CII marketing director Ian Simons talks about the challenges facing the industry when it comes to Big Data
The ability to innovate in pursuit of better customer outcomes is core to being a professional in any field. In insurance there are daily iterative innovations as firms and individuals predict and respond to market demands.
Occasionally, a major innovation comes along that disrupts or significantly affects the status quo. Big Data is potentially one such disrupter. In many fields, such as media, it has already transformed the way consumers access products and companies target and tailor their offerings. In insurance it is arguably still largely peripheral to the core model, but we have some tough questions still to answer if we are to adopt new technologies while ensuring the right outcomes for the customer.

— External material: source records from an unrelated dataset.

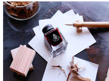
ひみり山杉からできたインク/つけペンセット 岸田木材株式会社（富山県） 株式会社竹田事務機（京都府） 株式会社田中直染料店（京都府） 株式会社岸田（富山県） 木製品分野

アトリウムを象徴する木格子パネルはカフェラウンジやステージを明るくして、交流や活動を促す場づくりにつながった。意匠性を重視した木の使い方はインターナショナルスクールに日本らしさを表現することに成功している。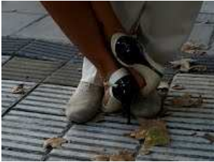
Figura 9: Sanduíche (sanguchito)

O homem trava o pé esquerdo da mulher entre os seus pés.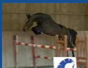
15. OLALA DE LIÈRE

There is an argument that Big Data is just an extension of what insurance has always done: analysing all available data about a risk to determine acceptance, cover and price. After all, according to Microsoft’s James Murray, “All Big Data really means is taking lots of different signals from myriad sources and putting them together and processing them in a way that is meaningful”.

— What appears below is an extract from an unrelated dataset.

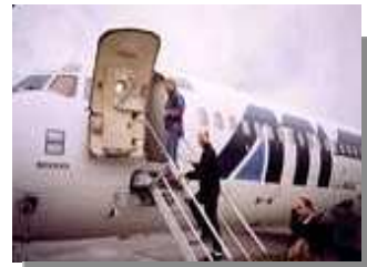
auf dem Heimflug

In most conventional insurance models, the customer provides material facts about their risk to the insurer, and the insurer combines these with any data they may already have, or are able to access from reliable public sources, such as credit ratings or flood mapping data.
I’m often reminded of an apocryphal tale of a Lloyd’s underwriter who used what I might argue was Big Data almost 100 years ago.
He made a lucrative career in cargo risk specialising in certain regions of Central America, but his peers couldn’t understand how he selected his risks with such prescience. He declined most risks, but those he led on almost never suffered a loss.
He went to his grave hiding his Big Data secret: he used upriver weather reports for the month prior to the journey to get ahead of pirates. Heavy rain fall increased the river depth, larger vessels took to these rivers and local pirates attacked them.
Is this Big Data? Not in the modern sense perhaps, but fundamentally he was sourcing and correlating disparate data sources to underwrite.
In 2015 we no longer have to send off for handwritten weather reports. Terabytes of data can be immediately and, often, freely found on anything from a customer’s browsing history, buying preferences or social media use. The question now is which of these data sets can be used ethically to deliver better customer outcomes. Some feel this degree of personalised risk profiling challenges the fundamental principles of risk pooling.
Insurance buyers expect good value, but that value must be delivered by those with the professional expertise, ethical culture and customer centricity to justify faith in our industry. Chartered firms have demonstrated their investment and commitment to these professional standards, and firms that drive innovation for better customer outcomes will be those that adapt best to the challenges of Big Data and any future market disrupters.